Correlations sliced by county

The second option we have is to “slice by location”: this calculates, for each geographic location, correlation between the time series of two signals. This is obtained by setting by = "geo_value". We’ll again look at correlations both for observations at the same time and for 10-day lagged case rates:

# Compute correlation per county, over all times
df_cor1 <- covidcast_cor(cases, deaths, by = "geo_value")
df_cor2 <- covidcast_cor(cases, deaths, by = "geo_value", dt_x = -10)

# Stack rowwise into one data frame, then plot densities
df_cor <- rbind(df_cor1, df_cor2)
df_cor$dt <- as.factor(c(rep(0, nrow(df_cor1)), rep(-10, nrow(df_cor2))))
ggplot(df_cor, aes(value)) +
  geom_density(aes(color = dt, fill = dt), alpha = 0.5) +
  labs(title = "Correlation between case and death rates",
       subtitle = "Computed separately for each county, over all times",
       x = "Date", y = "Density") +
  theme(legend.position = "bottom")

Using some tricks, we can attach the necessary properties to the data frame so we can plot these correlations in space as a choropleth map, using plot.covidcast_signal():

# Turn the data into a covidcast_signal data frame so it can be plotted
df_cor2$time_value <- start_day
df_cor2 <- as.covidcast_signal(df_cor2,
                               geo_type = "county",
                               signal = "correlations")

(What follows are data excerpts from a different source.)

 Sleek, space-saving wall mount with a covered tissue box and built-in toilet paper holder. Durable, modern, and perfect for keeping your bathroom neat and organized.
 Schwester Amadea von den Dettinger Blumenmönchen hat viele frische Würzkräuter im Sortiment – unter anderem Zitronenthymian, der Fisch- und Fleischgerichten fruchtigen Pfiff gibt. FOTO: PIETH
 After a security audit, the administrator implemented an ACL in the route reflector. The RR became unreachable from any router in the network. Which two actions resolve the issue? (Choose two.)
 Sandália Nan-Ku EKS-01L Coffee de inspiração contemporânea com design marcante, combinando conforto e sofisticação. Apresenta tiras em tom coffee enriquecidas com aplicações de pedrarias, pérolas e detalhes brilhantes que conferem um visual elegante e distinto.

# Plot choropleth maps, using the covidcast plotting functionality
plot(df_cor2, title = "Correlations between 10-day lagged case and death rates",
     range = c(-1, 1), choro_col = c("orange", "lightblue", "purple"))

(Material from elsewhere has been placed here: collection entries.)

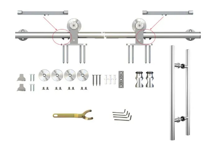 - Livré avec Rail de 2m redécoupable, Poignée, Guide au sol, Système de fixation
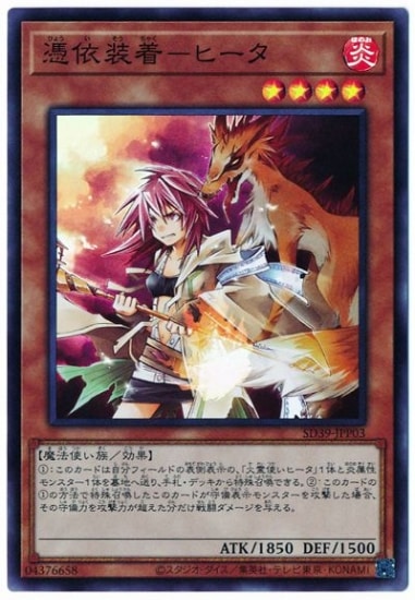 憑依装着ひょういそうちゃく−ヒータ/Familiar-Possessed - Hiita》 † 効果モンスター 星4/炎属性/魔法使い族/攻1850/守1500 (1):このカードは自分フィールドの表側表示の、 「火霊使いヒータ」1体と炎属性モンスター1体を墓地へ送り、 手札・デッキから特殊召喚できる。 (2):このカードの(1)の方法で特殊召喚したこのカードが守備表示モンスターを攻撃した場合、 その守備力を攻撃力が超えた分だけ戦闘ダメージを与える。
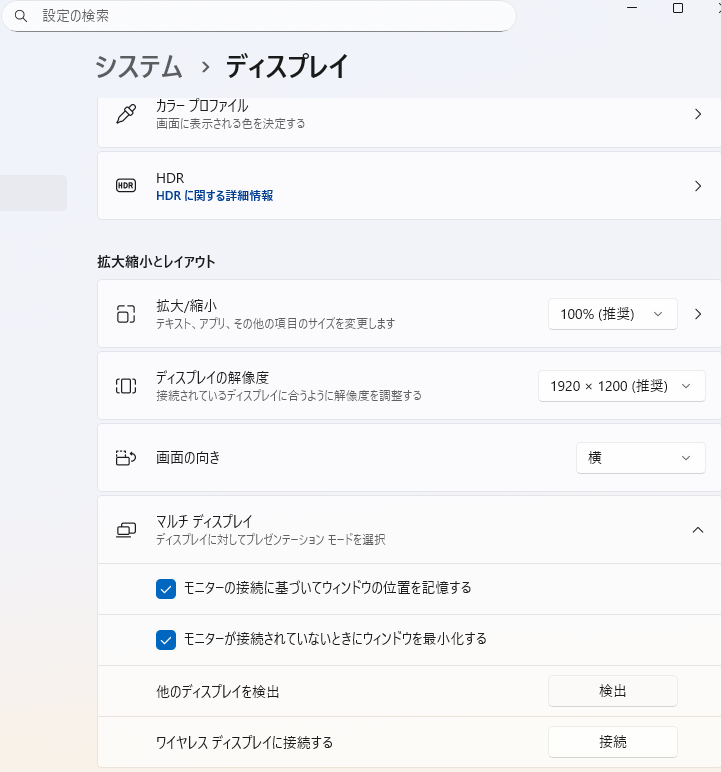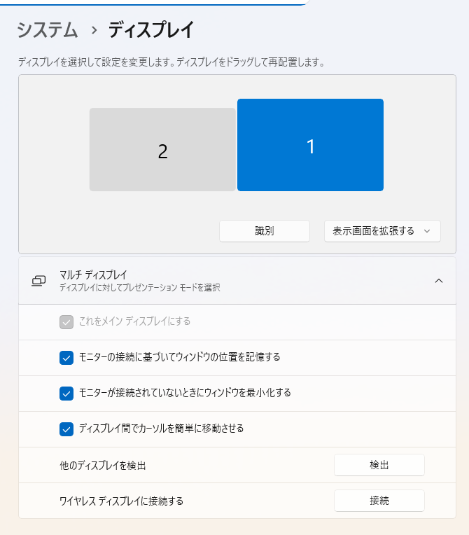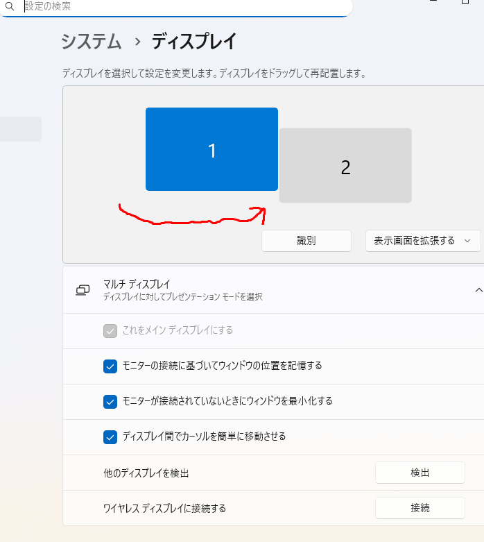 そこで、「マルチディスプレイ」の「他のディスプレイを検出」部分の「検出」ボタンをクリックします。

More systematic lag analysis

You could also imagine trying to move the signals with various lags to see at what lag one signal is most correlated with the other. A simple way to achieve this:

# Loop over values for dt, and compute correlations per county
dt_vec <- -(0:15)
df_list <- vector("list", length(dt_vec))
for (i in seq_along(dt_vec)) {
  df_list[[i]] <- covidcast_cor(cases, deaths, dt_x = dt_vec[i],
                               by = "geo_value")
  df_list[[i]]$dt <- dt_vec[i]
}

# Stack into one big data frame, and then plot the median correlation by dt
df <- do.call(rbind, df_list)
df %>%
  group_by(dt) %>%
  summarize(median = median(value, na.rm = TRUE), .groups = "drop_last") %>%
  ggplot(aes(x = dt, y = median)) +
  geom_line() +
  geom_point() +
  labs(title = "Median correlation between case and death rates",
       x = "dt", y = "Correlation") +
  theme(legend.position = "bottom", legend.title = element_blank())

We can see that the median correlation between case and death rates (where the correlations come from slicing by location) is maximized when we lag the case incidence rates back 8 days in time.